Google continues to expand its efforts in the medical arena. They have announced a new Genome Cloud that will be used to store thousands of human genome files.
Google will charge $25 per genome annually, which sounds fairly expensive for cloud storage. But considering each genome file contains about 100GB of data, this may seem more reasonable to potential customers.
For the researcher or doctor, the exciting part of this is that not only will sizable databases of patient genomes be available, Google’s search tools will allow very rapid processing of the data, which is expected to lead to meaningful insights into the genetic underpinnings of cancer, for example.
But genome comparisons techniques can also be useful in researching other genetically-related health conditions.
Google already has some major commitments from the scientific community. The National Cancer Institute is copying 2.6 Petabytes of data into the cloud, at a cost of $19 Million. Google has competition for this genome data storage business from Amazon.com. The National Cancer Institute intends to store a second copy of their database on an Amazon Web Services cloud.

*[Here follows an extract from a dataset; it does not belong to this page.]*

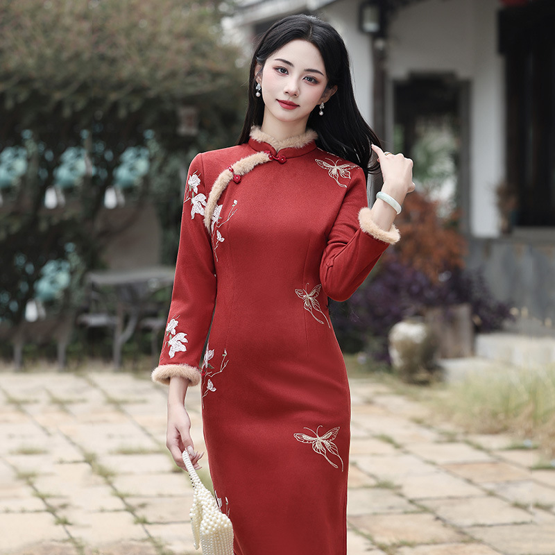 WZY9488 加绒加厚冬装国风新中式长款长袖旗袍改良年轻款女复古秋冬季
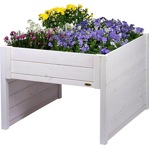 dobar® Stor robotgräsklippare garage av trä med planteringslåda inkl. folie – gräsklippare garage – 79 x 73 x 56 cm – vit

Geneticist Dr. Stephen Scherer, director of the Centre for Applied Genomics at Toronto’s Hospital for Sick Children, has teamed with the group Autism Speaks and Google in a $50 Million effort to identify the possible genetic root causes of autism, which afflicts 1 baby in 68 born in the US. They already have useful findings, in which Dr. Scherer is able to show that autism is actually an umbrella for more than one condition.
“We have new, unpublished data that shows autism is really a collection of different disorders,” said Dr. Scherer in an interview with CNBC. “This is so much the case that even in families where siblings have autism, they often have different forms of the condition and therefore need to be treated in a manner specific to their sub-type.”

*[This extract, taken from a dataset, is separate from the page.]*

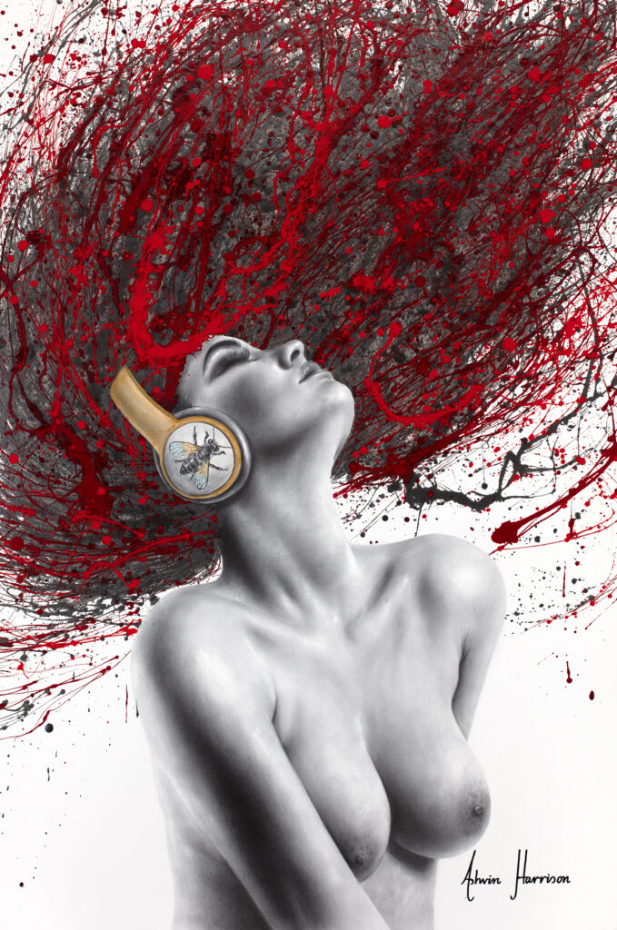 The beauty of music and feminine form have inspired the creation of this artwork ‘Rhythmic Red’. This charcoal and acrylic painting on fine art ready to hang canvas is an expression of life through thought, emotion with fine art realism, expressionism and abstract styles. Charcoal provides the representational structure for the woman posing nude with headphones on, using a unique and also made up technique with paint brushes. Thin and thick paint in onyx and red acrylic splashed in energetic motion. Oil paint throughout for highlights and extra realism.

Bob Wright, co-founder of Autism Speaks, told CNBC, “I think this will open up a whole world of autism research. Hopefully, we are going to save 25 years of research in a matter of 18 to 24 months.”
“In as far as impact on medicine goes; the broad storage question is secondary: you can store the raw data on your servers, on ours, or on a cloud like Google’s or Amazon’s. What matters—and this is the challenge now—is to be able to make sense of the data efficiently and so to store it in a database model that enables you to use it efficiently,” said Ed Farmer, vice president of Communications at NextCode, told eWEEK.

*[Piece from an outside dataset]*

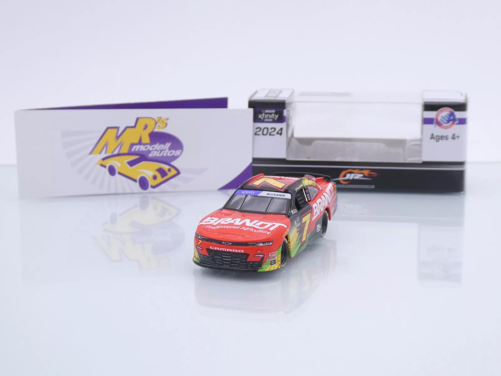 Chevrolet Camaro mit Startnummer 7 aus der Nascar Xfinity Saison 2024 des Fahrers " Justin Allgaier - Brandt " vom Team JR Motorsports.

“You need to be able to run samples against panels of genetic variants known to be linked to diseases, essentially instantly, since that is the easiest bit,” Farmer said. “In the vast majority of cases that doesn’t yield causative mutations. So you need then to be able to search according to a range of inheritance patterns, with the ability to leverage all the main public reference datasets, and have algorithms that are effective for detecting de novo variation, which accounts for a large proportion of rare genetic disease,” Farmer explained.
“For the common diseases (Alzheimer’s, heart disease, etc.) you need to be able to query whole-genome data from tens of thousands of patients and controls with some dispatch,” he said. “Here again, our system has been behind the biggest such studies ever undertaken— in Iceland, where our technology was developed.”